Speakers from the publishing world included Ruth Wilson (Nature), David Tempest (Elsevier) and Rebecca Lawrence (Faculty 1000).  From the scholarly society side of the fence was Brian McMahon (International Union of Crystallography), Todd Vision (National Evolutionary Synthesis Centre. Finally representing the researchers were Simon Coles (Southampton) and Christopher Gutteridge (Southampton).

Publishers and Data
For the publishers there is a strong awareness of the value of data as the principle output from research, and the potential value it has to other scholars.  Elsevier noted that they were planning to incorporate data within “all their publications by the end of 2012”.  However, when the issue of reuse came up, they seemed to indicate that while they wouldn’t be hosting the data that it would be reused under “their licence terms”.  As one of my colleagues at the end commented, is this the beginning of another IPR land grab from the publishers?  I know many researchers whom are far more protective of access to their data than they are of their publications, and suspect this might be a hot topic in the not too distant future. 
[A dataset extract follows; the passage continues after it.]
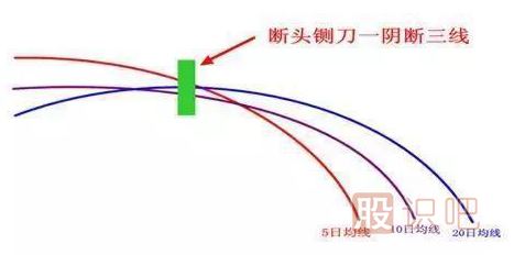 圖形特征:當(dāng)股價(jià)在高位盤整后漸漸下滑,此時(shí)5日、10日和20日均線形成的均線系統(tǒng)呈現(xiàn)收斂狀態(tài)。此時(shí)如出現(xiàn)一根陰線跌破三條均線形成一陰斷三線的“斷頭鍘刀”,則應(yīng)警惕有一輪跌勢(shì)。特別是帶有較大成交量的陰線,則更有下跌的可能。
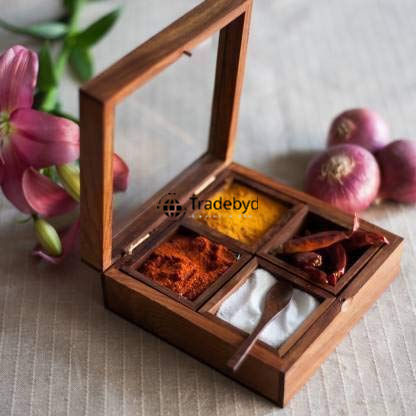 กล่องเครื่องเทศไม้พรีเมี่ยมพร้อมช่องสำหรับเก็บเครื่องเทศและสมุนไพรทำด้วยมือ

It was suggested that unlike publications (which come with the potential for career boosting citation impact) data offers no career advantage to researchers, and as such they would be disengaged from worrying about its storage and public sharing.  There was also the issue of just whom owned the rights to share the data, given that most projects are carried out across multiple institutions and often countries.  Finally it was suggested that many researchers might well be concerned that they would lose primacy of research impact if some other researcher was to come along and obtain more revelatory discoveries from their data.

Hosting Data
The role of hosting the raw, and indeed structured data came in for considerable discussion.  Publisher view points were very much that this wasn’t their role, although they’d be seeking to aggregate it through their data journals allied to their publications.  Sadly most of the speakers went so far as to detail quite whom would be doing the data hosting, tagging and curation at a practical level; with the exception of Brian McMahon who demonstrated that Crystallography has a demonstrable and already in practice data management and curation workflow; all be it one that is not immediately replicable in other disciplines.  For those less ICT savvy researcher communities, the feeling seemed to be that there would be more need of national, regional or local support in these activities.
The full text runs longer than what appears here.